UFSAR Section 9.5.1.2.3, Fire Protection (active systems), states that sprinkler system discharge densities are hydraulically designed to deliver 0.3 gpm/sq. ft. for the most remote areas of 3,000 sq. ft. or less.
Contrary to the above, on December 18, 2008, the team identified that the sprinkler system in CSRA was not installed in accordance with the FPP. Specifically, the installed system would not deliver the sprinkler system design density of 0.3 gpm/sq. ft. for the most remote areas of 3,000 sq. ft. or less, as stated in the FPP in UFSAR Section 9.5.1.2.3. The licensees distribution system hydraulic calculation used an incorrect value for the sprinkler head coverage area which resulted in 12 of 44 sprinkler heads (approximately 27% of the sprinkler heads on the system) not being able to deliver the required design density of 0.3 gpm/sq. ft. The team determined that this condition has existed since at least 1987. The licensee entered this issue in the CAP as NCR 297789 and established a continuous fire watch in CSRA as a compensatory measure in accordance with the Shearon Harris FPP. Because this finding is of very low safety significance and was entered into the licensees corrective action program, this finding is being treated as a NCV, consistent with Section VI.A.1 of the NRC Enforcement Policy.

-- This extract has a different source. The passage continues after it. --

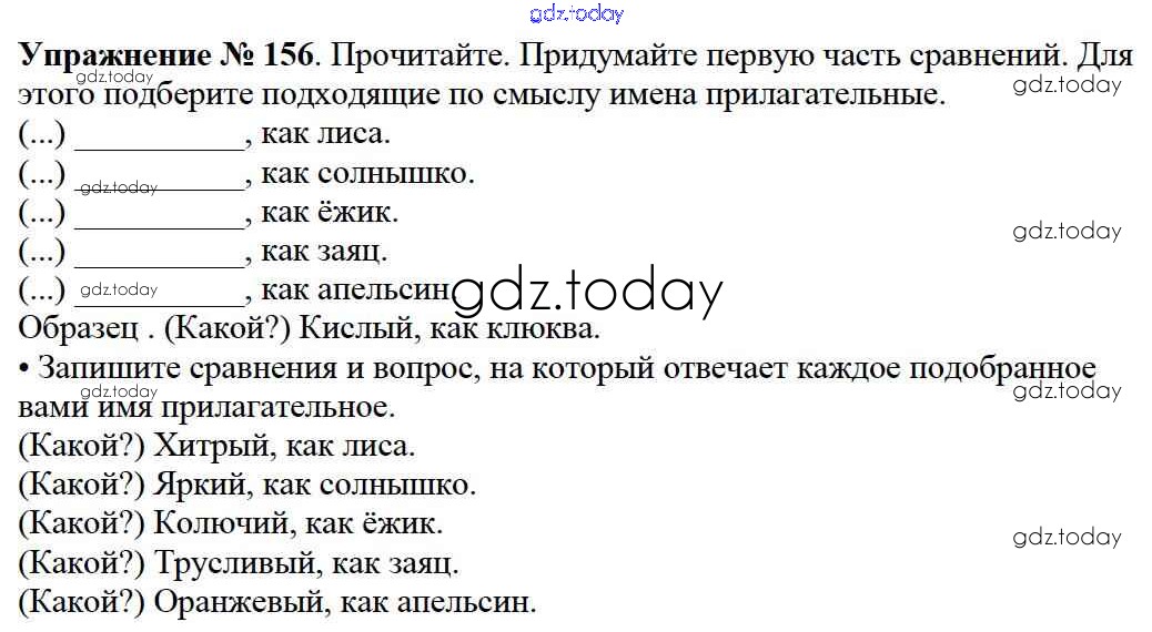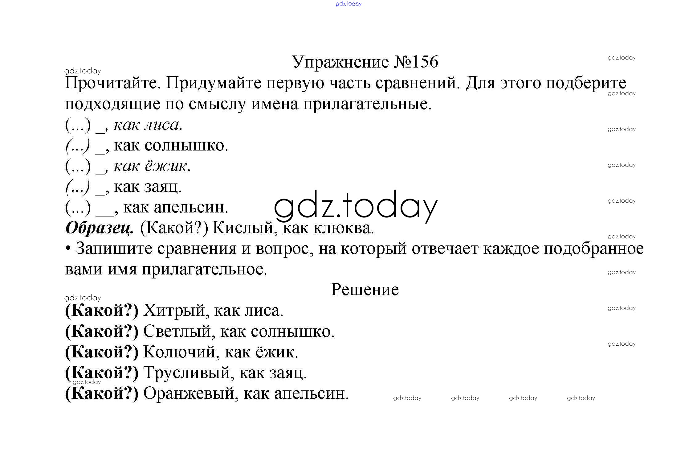На страницах сайта gdz.today вы найдете учебный и вспомогательный материал, направленный на улучшения знаний школьной программы. ГДЗ - онлайн мир знаний Решение к части №2 (Упражнения) 156 Учебнику по Русскому языку для 2 класса Канакина, Горецкий Просвещение Школа России 2013

This finding is identified as NCV 05000400/2008008-01, Sprinkler System in Cable Spreading Room A Does Not Meet Licensees Fire Protection Program Requirements.

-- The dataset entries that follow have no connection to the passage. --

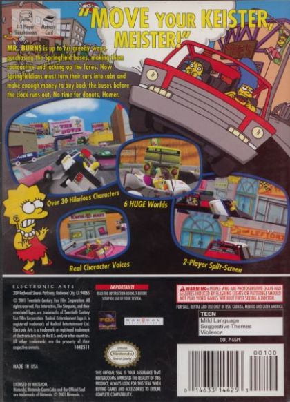 The Simpsons Road Rage™ blends renowned Simpsons wit and edge-of-your-seat racing action to create a fun, reckless and riotously funny arcade-style driving game. In this new interactive Simpsons episode, players can take control of one of 22 of their favorite characters including Apu, Barney and Marge, as they embark on the wacky, but skill-based missions. In order to earn enough money to buy back the Transit Corporation from Mr. Burns, gamers must drive through the city picking up passengers and taking them where they want to go. Players must drive like hell, crash through obstacles, dodge traffic or bash their way through passengers and cargo before time runs out.
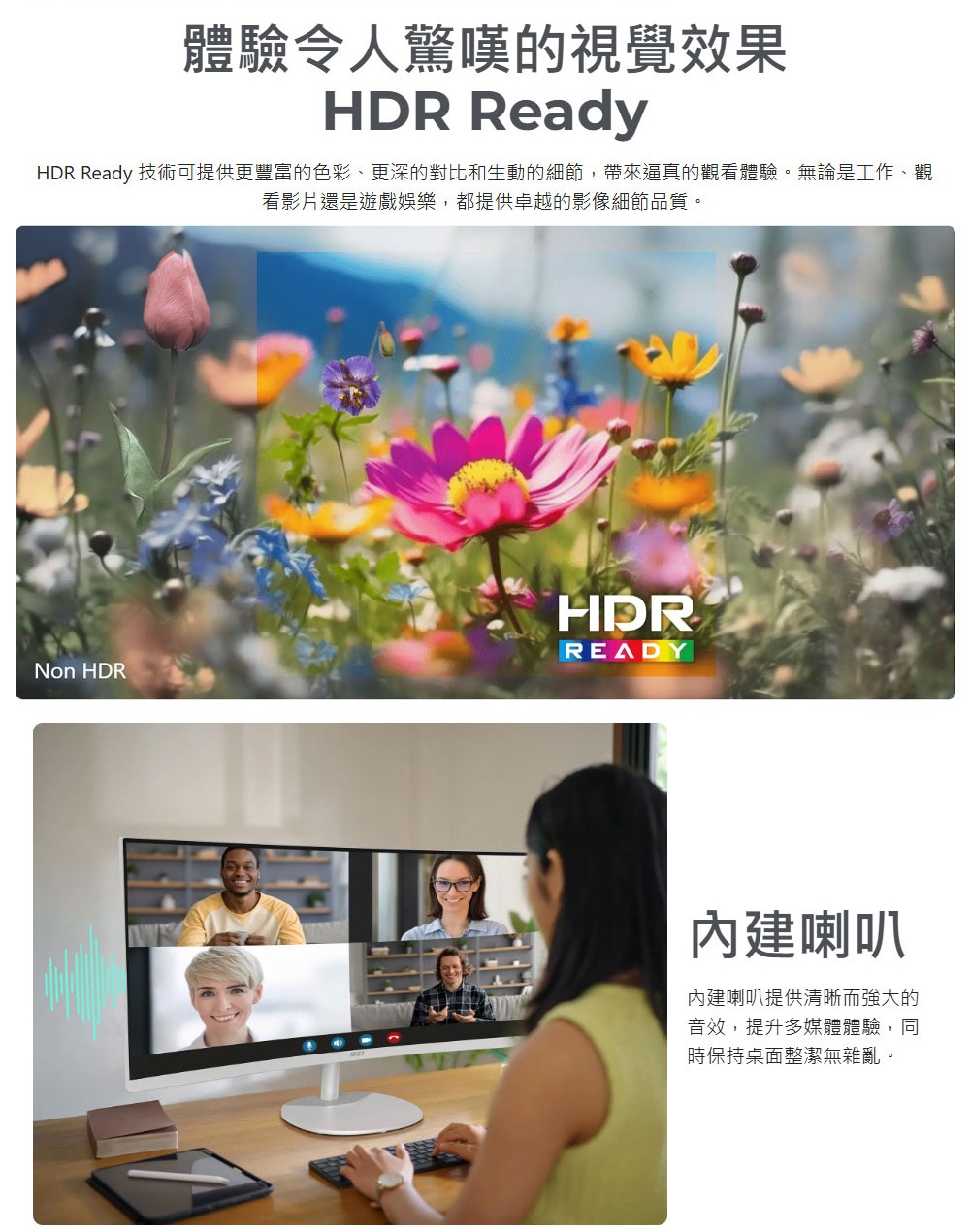 ✔️ 內建雙喇叭,免外接更方便
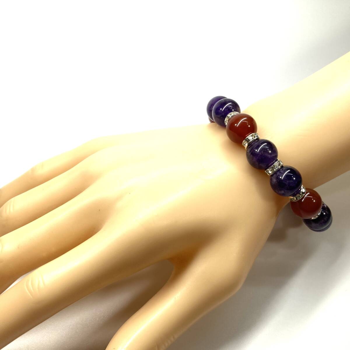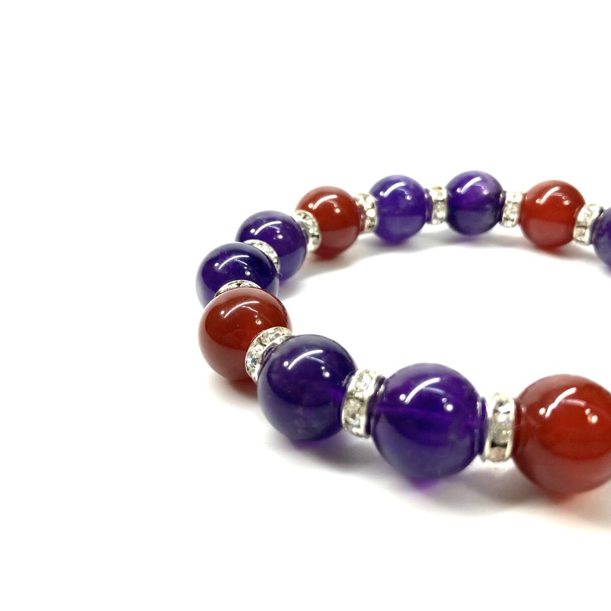 こちらは、赤瑪瑙とアメジストを組み合わせたパワーストーンブレスレットです。間にはロンデルを挟み高級感あるデザインに仕上げております。石大きさは12mm玉を使用して内周約18cmです。気になる方は是非この機会にどうぞ。

.05 Protection From Damage From Fire Suppression Activities
a. Inspection Scope
Through a combination of in-plant inspection and drawing reviews, the team evaluated the selected FAs/FZs to determine whether redundant trains of systems required for post-fire SSD could be subject to damage from fire suppression activities or from the rupture or inadvertent operation of fire suppression systems. The team considered the effects of water, drainage, heat, hot gasses, and smoke that could potentially damage redundant trains.
b. Findings
No findings of significance were identified.
.06 Post-Fire Safe Shutdown From Outside the Main Control Room (Alternative Shutdown)
a. Inspection Scope
Methodology The team reviewed the licensees ability to implement an alternative shutdown strategy for the FA/FZ selected. The team reviewed the licensees FPP program described in UFSAR Section 9.5.1; applicable sections of the SSA; AOPs; simplified flow diagrams; control wiring diagrams (CWDs); and other supporting documents for postulated fires in FA 12-A-CRC1/FZ 12-A-6-PICR1. The reviews focused on ensuring that the required functions for post-fire SSD and the corresponding equipment necessary to perform those functions were included in the procedures. The review included assessing whether hot and cold shutdown from outside the MCR could be implemented, and that transfer of control from the MCR to the auxiliary control panel (ACP) could be accomplished. This review also included verification that shutdown from outside the MCR could be performed both with and without the availability of offsite power.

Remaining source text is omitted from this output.